Defining RunSybil’s Mission
Introduction of Ari Herbert-Voss and his background at OpenAI.
RunSybil defined: Automating hacker intuition through three phases (Discovery, Testing, Remediation).
Differentiating Offensive Roles (Pirates vs. Ninjas)
Distinction drawn between Pen Testing (Pirates/broad value finding) and Red Teaming (Ninjas/specific control testing).
RunSybil positioned as a replacement for Pen Testing and an augmentation tool for Red Teaming.
Discussion on hacker psychology: preference for creative work over monotonous coverage tasks.
Technical Deep Dive: Auth Vulnerabilities
Focus on why AI excels at finding complex Authentication/Authorization bugs (e.g., IDOR) compared to traditional scanners.
Limitations of LLMs regarding "state" and how RunSybil addresses this for modern web assets.
Shift in focus away from legacy bugs (memory overflows) toward modern infrastructure issues.
Operationalizing Findings (Blue/Purple Teaming)
The economics and rarity of true "Purple Teams" in the industry.
RunSybil’s approach to remediation: offering reproductive steps and flexible suggestions rather than prescriptive automated fixes.
The Strategic Value of AI: Speed and Coverage
The qualitative difference AI speed brings to development cycles (enabling reviews that were previously impossible due to time).
Key Customer Use Case: Pressure relief for overwhelmed product security teams.

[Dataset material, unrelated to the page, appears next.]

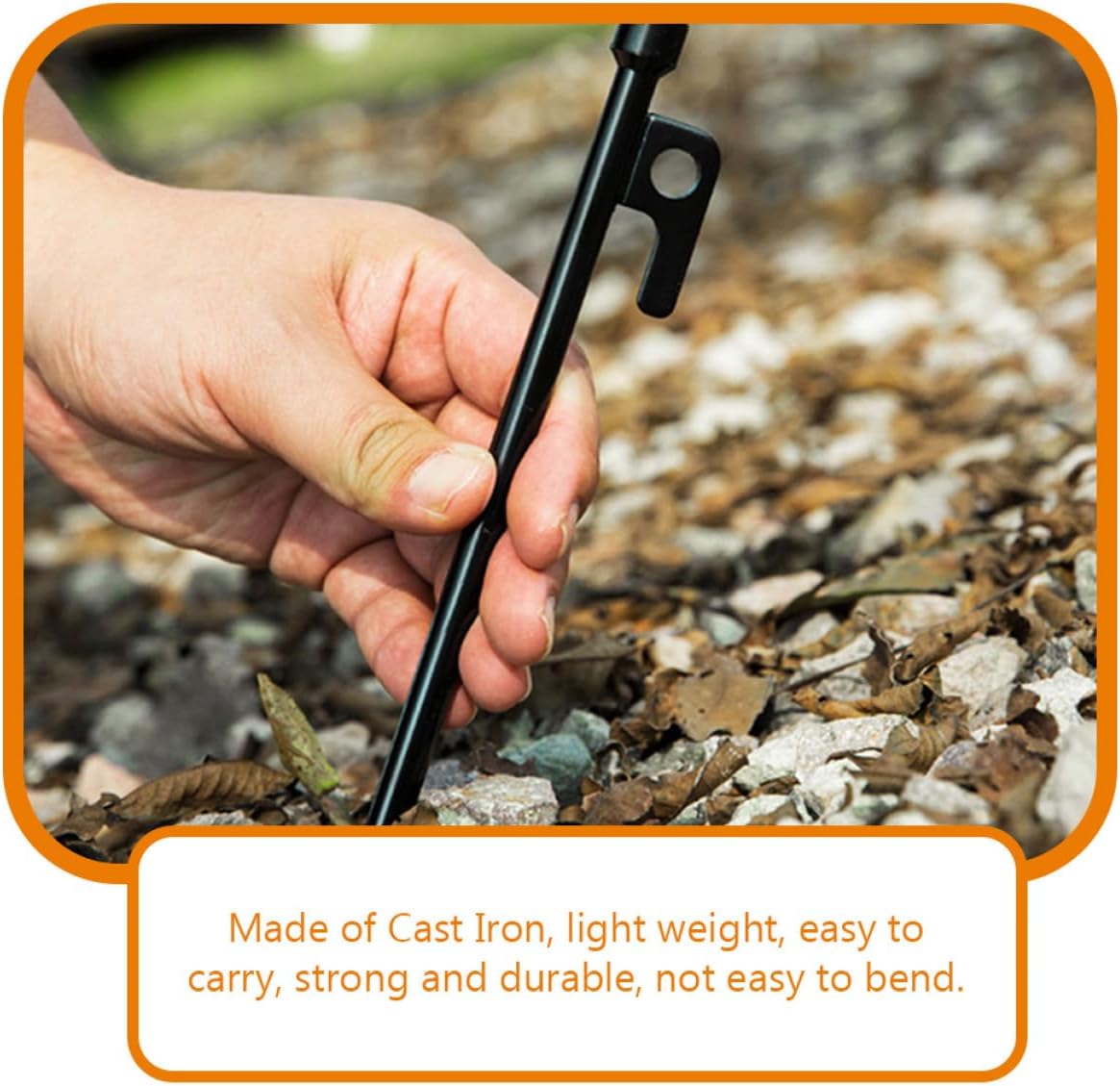 Package List 10 Ground Stakes Features -Product Info:Windproof nails -Size:25.00X1.50X1.50cm/9.82X0.59X0.59in -Color:Black -Material:Cast Iron -Firmly inserts in to the ground and offers stable support for the tent tent stakes for camping. -The tent stakes can be used on beaches, land and snow, not suitable for any land or stone land heavy duty ground pegs. -The part in sand tent pegs can adjust and lock the rope to prevent it skids outdoor tent nail. -Extra length and wide tent stakes with sharp and thickened end, shows great ability in resistance and stress, strong holding power for sand and snow ground. You could also use it with a tent tarp stakes. -Using Cast Iron made, these tent stake are durable, you could keep it for a long time heavy duty camping stakes.Goods Descriptiontent spikes heavy duty It is a great tent accessory that will meet your needs well.metal spikes for ground Made with craftsmanship and Cast Iron materials, it has durability and practicality.thickened tent pegs The reasonable design makes it easy to operate and use, and can provide more stable support for your tent.heavy duty ground pegs Are you looking for professional but tent stakes? Our products will be your good choice

Coverage identified as the primary unassailable advantage of AI over human testers.
Case Study Success
Example of RunSybil finding a long-standing RCE in a mature infrastructure that human bug bounty hunters missed for years.
Closing Thoughts
Advice on red team budgeting: Do not hire red teams until the blue team is mature enough to handle the findings.
Recommended reading: Countdown to Zero Day by Kim Zetter and Empires of AI.